Back in the 60's megabuck machines relied on interleaved core. All even addresses
went to one physical memory bank, and the odds went to
another. The operation of each bank could run in parallel, effectively doubling
the bus rate.
Now PCs and workstations
rely on huge caches, which are nothing more than RAMs stuck between the main
memory and the CPU. The cache RAM
runs at the same speed the processor does, pushing the bandwidth limitations
further away from the computer. If the next instruction
needed is in cache, the CPU can fetch it without waiting. As soon as it needs
one outside of the cached region the entire computer
effectively comes to a halt as it waits for the relatively slow memory to
cycle.
Conventional
(i.e., CISC) processors make very strange demands on the memory array. When
executing short instructions like register to
register ADDs, the CPU is usually much quicker than memory and sucks instructions
as fast as the RAM can supply them. Frequently the CPU
will slow down as it handles a slow instruction. It might take a number of
machine cycles to handle a complex addressing mode, or perhaps
hundreds to do a multiply. During these periods the bus is idle. Prefetchers
I believe the
8088 was the first widely available microprocessor to address this issue.

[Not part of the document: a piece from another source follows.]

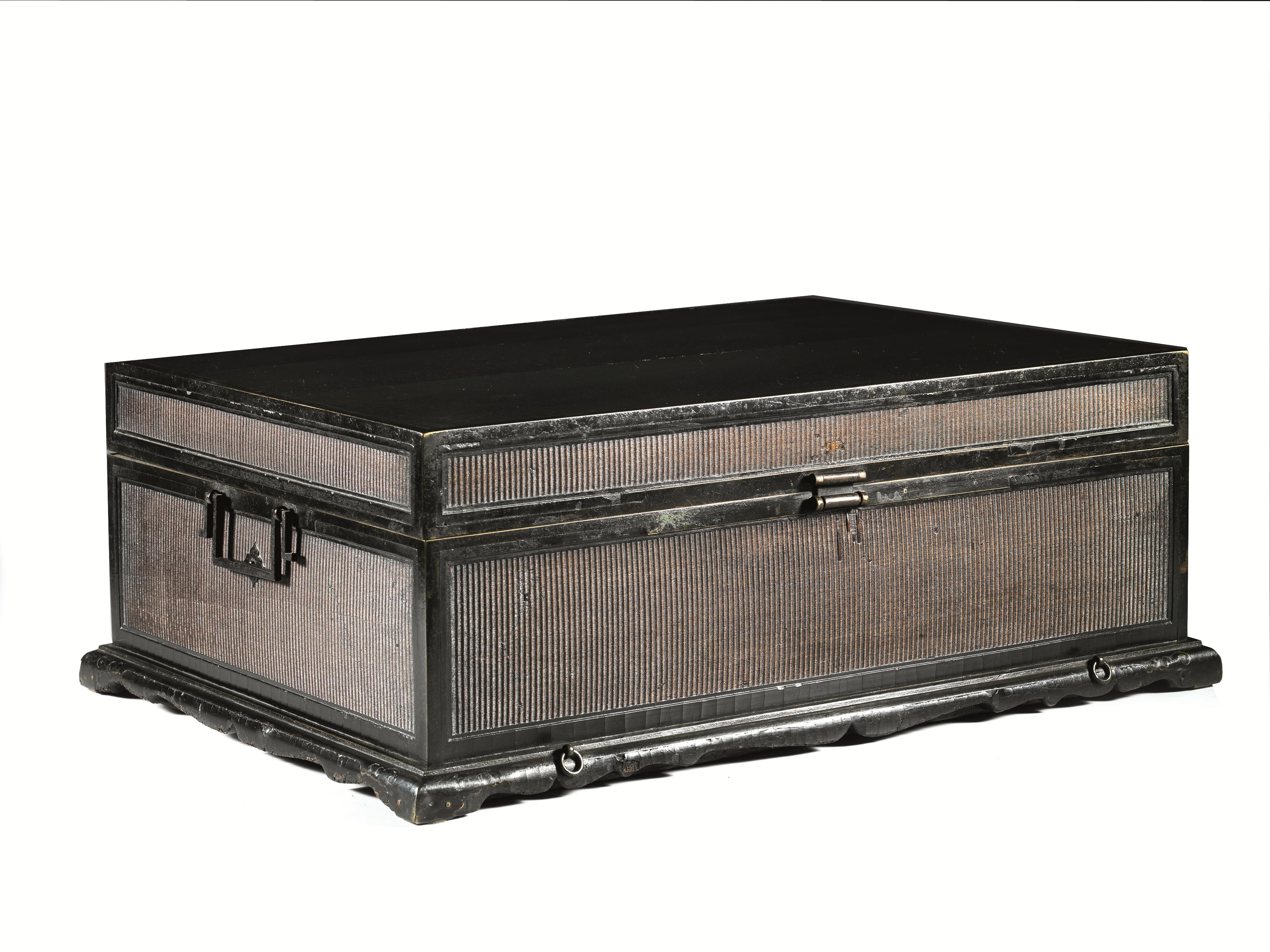 Grande scatola da viaggio, Cina, dinastia Ming-Qing, sec. XVII, in legno e bamboo, di forma rettangolare, profilata in metallo, su base sagomata, cm 62,4x22,5x46,2

Intel divided the CPU in two. An Execution Unit
contained all of the traditional processor-like features. The Bus Interface
Unit (BIU) sat between the Execution Unit and the device's
pins. If the 8088 were a simple 8080 or 6800, the BIU would just pass memory
requests from the Execution Unit to the outside world.

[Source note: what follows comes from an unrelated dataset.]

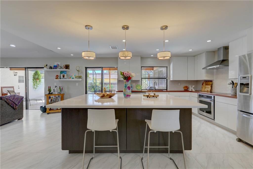 Drop dead gorgeous 4/2 one story home on a corner lot in the heart of Plantation, Jacaranda Lakes. Stunning kitchen with an over-sized island and an ultra modern mix of wood and white. Almost all of the walls were opened up to give you the open floor plan of your dreams! Home features a stacked floor plan with updated porcelain tile throughout the common areas and bedrooms. Fully updated bathrooms including the cabana bath off of the master bedroom leading you to your large covered lanai and screen enclosed pool! All updates have been done within the last 2 years! Zoned for 1 of the best elementary schools in the county!

However, Intel decide to exploit the idle times resulting from the execution
of long instructions by adding intelligence to the BIU.
Code generally
executes from a low address to a bigger one. Sure, jumps and calls reverse
the monotonically increasing fetch sequence, but
even in a short loop more often than not the next instruction byte is located
right after the one just fetched. The 8088's BIU used this
fact to keep the CPU to memory interface busy (i.e., maximize the bandwidth).
The BIU is really
rather stupid. It just blindly keeps fetching the next byte from RAM, storing
it in a little FIFO between it and the
Execution Unit. When the EU is ready for the next instruction, with luck it
is already on-chip in the fast FIFO. A lot of memory fetch
delays are thus avoided, greatly increasing the processor's throughput. The
FIFO is small, holding only 4 bytes (6 on the 8086), but the
typical match between RAM speed, CPU speed, and FIFO size is such that most
of the time the next byte is there when needed. Not
surprisingly, this process is called prefetching.
Once in a while
the CPU will decode and execute some sort of branch operation. Presumably
the BIU will have at least partially filled the
FIFO with bytes located sequentially beyond the jump; bytes that just are
not needed. Jumps and calls flush the FIFO, erasing these
unneeded entries. The BIU then starts fetching from the new execution address.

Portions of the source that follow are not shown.